Her color vibrant, she lay curled up on her side, head pillowed on one hand. Sleeping. Safe. His remembered terror at seeing the gunman inches from her face made him want to bare his teeth and growl. Unable to lie still, he struggled to sit up. He was mildly surprised when no one jumped out to stop him. Taking advantage of his good fortune, he swung his legs over the side of the bed.
His legs held after a couple of shaky seconds. He found himself wearing a pair of dark sweatpants, nothing on top. There was a bandage on his neck, but he could tell the wound was almost gone. Medical magic, he guessed.

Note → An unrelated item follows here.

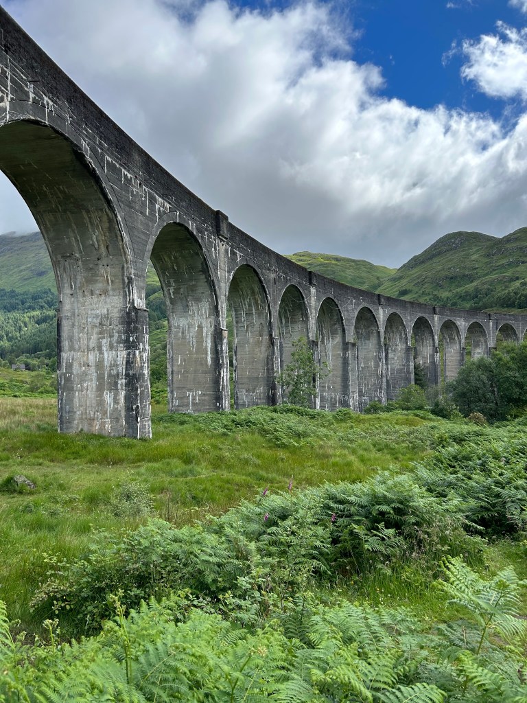 ➡️ Aunque lo más destacado es ver y escuchar el tren de vapor, no hay que dejar de lado por donde pasa, el viaducto de Glenfinnan. Tiene 21 arcos y se construyó en 1898. Actualmente pasan por allí todos los trenes de la West Highland Line.

When he reached Ashaya, he saw she'd been clothed in soft blue flannel pajamas. He just wanted to get in that bed and hold her. Then his senses alerted him to the woman who slept on the third bed in the room. She was dressed in pale yellow and lay on her back. Part of him he hadn't even known was wound up, relaxed.
Ashaya would've been devastated if she'd lost her twin.
Aching with the need to touch her, he was about to hop into Ashaya's bed when his luck ran out. A tall redhead with worry carved into her skin walked into the room, took one look at him, and yelled, "What the hell do you think you're doing?" Then she ran up, wrapped her arms around him, and kissed him full on the lips.
"God damn it," she whispered as she drew back. "You f**king took ten years off my life."
"Sorry, Merce." He tugged at one of her loose curls. "Did you kill him?"